Txtng news in 140 characters
It is no news to us that text messaging is morphing our modern culture. In 2008, the British scholar David Crystal has observed how text messages in mobile phones and IMs can influence our live technologically, sociologically, psychologically, commercially, and linguistically. In his book Txtng: The Gr8 Db8, Crystal points out that texting has become pervasive in many societies, and it also seemed to meet a new communicative need in a society where increased pressures on time and short attention spans are increasingly the norm[1]. A Cingular TV commercial in 2007, My bff Jill, provides an interesting angle to depict the text messaging culture in our modern society:
A key feature of today’s micro-blogging services (i.e. Twitter and Plurk) is its 140-character limitation, 20 characters less than a short message service (SMS) on a mobile phone. As our technology is pursuing less and less words for communication, we should understand how this application will affect people’s literacy. A good example of how an aphoristic-style way of communication is changing our culture can be found on BreakingTweet.com, a Twitter-style news website built in January 2009.

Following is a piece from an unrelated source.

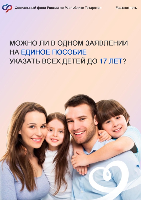 Әйе, 17 яшькә кадәрге гаиләдәге барлык балаларга бер генә гариза тутырып, бердәм пособие рәсмиләштерергә мөмкин.

Breaking Tweets is an independent news site that puts a spin on world news through the use of Twitter. The philosophy behind the site is “hyperlocal gone global.” There is an emphasis on what is happening in a specific place at a specific time and looks at how people are reacting to that event(s) in the area.
The format of a Breaking Tweet news article usually contains the following three parts:
1. Twitter-style news: a piece of news summary less than 140 words
2. Tweets quoted as a news source: generally each story links to a media outlet of authority for brief background information on the news topic and for those seeking more information[2].However, relevant tweets are always provided in a Twitter-Style news page.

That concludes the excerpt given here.